26Pour ne citer qu’une dernière particularité de cette déclamation et de son traitement du thème du retour des Enfers, l’âme du jeune garçon dont il est ici question n’est pas inanis, évanescente et intangible, comme le sont d’habitude les esprits qui peuplent les textes littéraires : « il se présente comme un revenant en corps, un être de chair et de sang, bien vivant »31. Dans ce discours d’école, nous n’assistons donc pas à une scène typique de la littérature gréco-latine depuis Homère, celle des enlacements manqués avec les ombres des bien-aimés32. Les embrassades et les baisers entre la mère et l’esprit de son fils sont tout à fait concrets, comme on l’apprend dès le début du discours (§ 1) :
non inani persuasione nec cogitationibus ficta lugentis umbra veniebat, nec agitabat incertos levis imago somnos, ac ne confusi quidem tristi cinere vultus et inspersum favilla caput noctibus suis obibat, sed filius erat qualis aliquando, et iuvenis et pulcher habitu, nec aspici tantum viderique contentus, verum […] amplexus et oscula dabat et tota nocte vivebat.
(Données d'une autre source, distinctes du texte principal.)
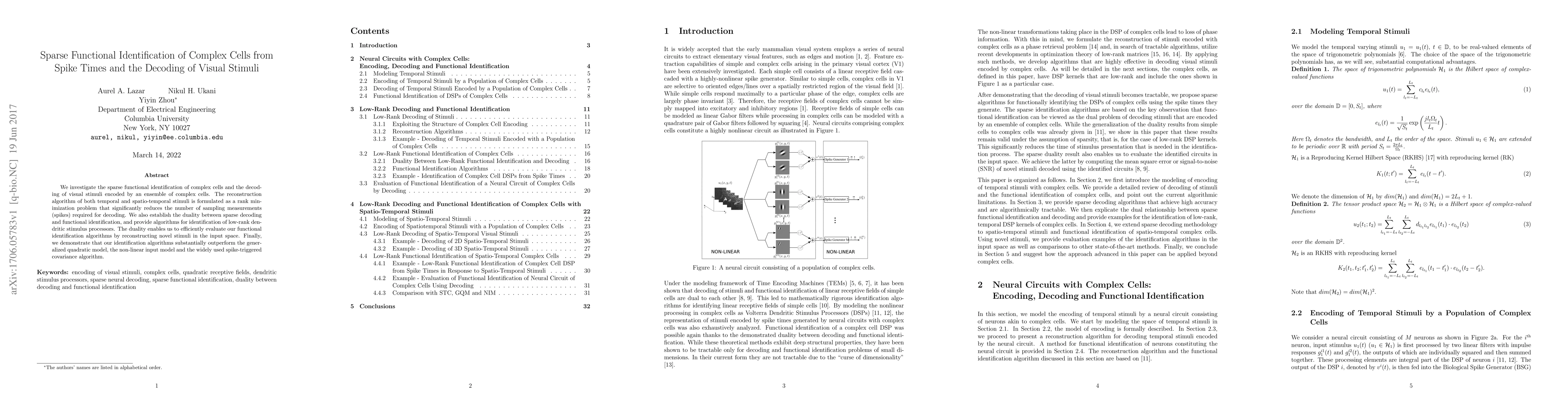 This paper proposes a sparse functional identification method for complex cells that reconstructs visual stimuli from spike times with minimal sampling. It establishes a duality between sparse decoding and functional identification, leading to efficient algorithms for low-rank dendritic stimulus processors and outperforming existing models in decoding accuracy.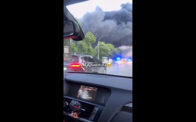 Судя по видео, снятым жителями Тернополя, на месте прилёта до сих пор полыхает крупный пожар.

ce n’était un spectre matérialisé par de vaines hallucinations ni par les fantasmes d’une mère éplorée qui revenait, ni un fantôme brumeux qui agitait son sommeil troublé, ni même un visage barbouillé de triste cendre ou une tête toute poudreuse de poussière fumante qui hantait ses nuits, non, c’était bien son fils d’autrefois, l’air jeune et beau, et il ne se contentait pas seulement de se rendre apparent et bien visible, mais […] il l’embrassait même et la couvrait de baisers et, toute la nuit, il était vivant.
(Trad. C. Schneider.)
*
27Si le cas de Laïus nous montre un revenant célèbre, obligé de sortir des Enfers contre son gré par un rituel de nécromancie, la description par Ovide de la fête des Lemuria témoigne, quant à elle, de la place que les ombres des membres de la famille morts avant l’heure avaient dans la pratique religieuse romaine. Un élément commun aux revenants des deux récits ovidiens et au père vengeur d’Œdipe est le caractère effrayant attribué à ces figures, l’idée en somme qu’il est mieux de ne pas pousser les morts à revenir sur terre, en négligeant les sacrifices qui leur sont dus ou à l’aide de rituels magiques, et de les éloigner sans hésitation, quand ils reviennent spontanément. Cette image largement partagée des revenants explique par contraste la création d’un revenant aimable dans le contexte des écoles de rhétorique friandes de paradoxes : un revenant qui renverse les stéréotypes de sa catégorie, montrant ainsi le pouvoir suprême d’une parole savamment maîtrisée.